#### GIVEN INFORMATION:
# # # # # # #

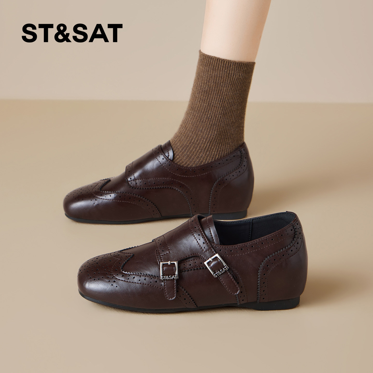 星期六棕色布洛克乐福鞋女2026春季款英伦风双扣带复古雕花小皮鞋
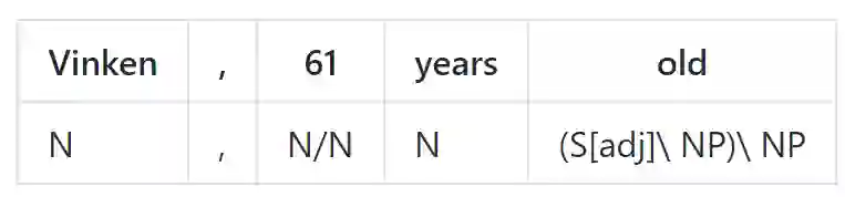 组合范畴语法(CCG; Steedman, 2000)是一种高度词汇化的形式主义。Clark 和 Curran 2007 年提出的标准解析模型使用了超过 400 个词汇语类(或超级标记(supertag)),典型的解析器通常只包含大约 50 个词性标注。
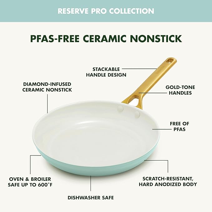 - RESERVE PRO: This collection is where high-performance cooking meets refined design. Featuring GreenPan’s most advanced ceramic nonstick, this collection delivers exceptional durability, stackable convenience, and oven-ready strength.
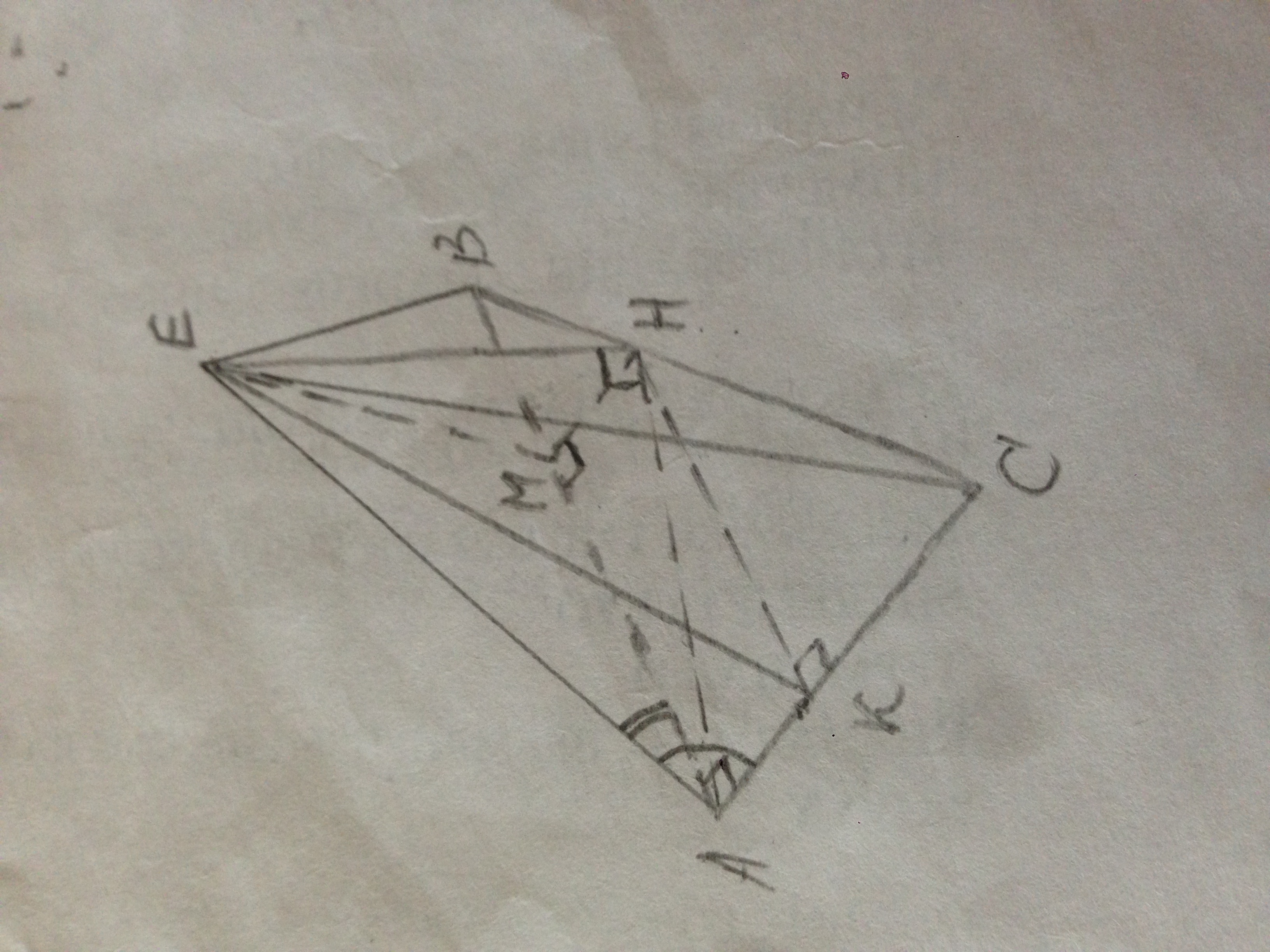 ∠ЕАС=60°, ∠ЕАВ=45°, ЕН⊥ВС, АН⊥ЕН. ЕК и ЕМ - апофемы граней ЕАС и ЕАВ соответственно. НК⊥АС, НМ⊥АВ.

# # # # # # #

#### PROBLEM:
Give back, exactly and with nothing added, the lines from the line with "组合范畴语法(CCG; Steedman, 2000)是一种高度词汇化的形式主义。Clark" through the final line of the data, both included; leave pictures out.

#### FINAL ANSWER:
 组合范畴语法(CCG; Steedman, 2000)是一种高度词汇化的形式主义。Clark 和 Curran 2007 年提出的标准解析模型使用了超过 400 个词汇语类(或超级标记(supertag)),典型的解析器通常只包含大约 50 个词性标注。
 - RESERVE PRO: This collection is where high-performance cooking meets refined design. Featuring GreenPan’s most advanced ceramic nonstick, this collection delivers exceptional durability, stackable convenience, and oven-ready strength.
 ∠ЕАС=60°, ∠ЕАВ=45°, ЕН⊥ВС, АН⊥ЕН. ЕК и ЕМ - апофемы граней ЕАС и ЕАВ соответственно. НК⊥АС, НМ⊥АВ.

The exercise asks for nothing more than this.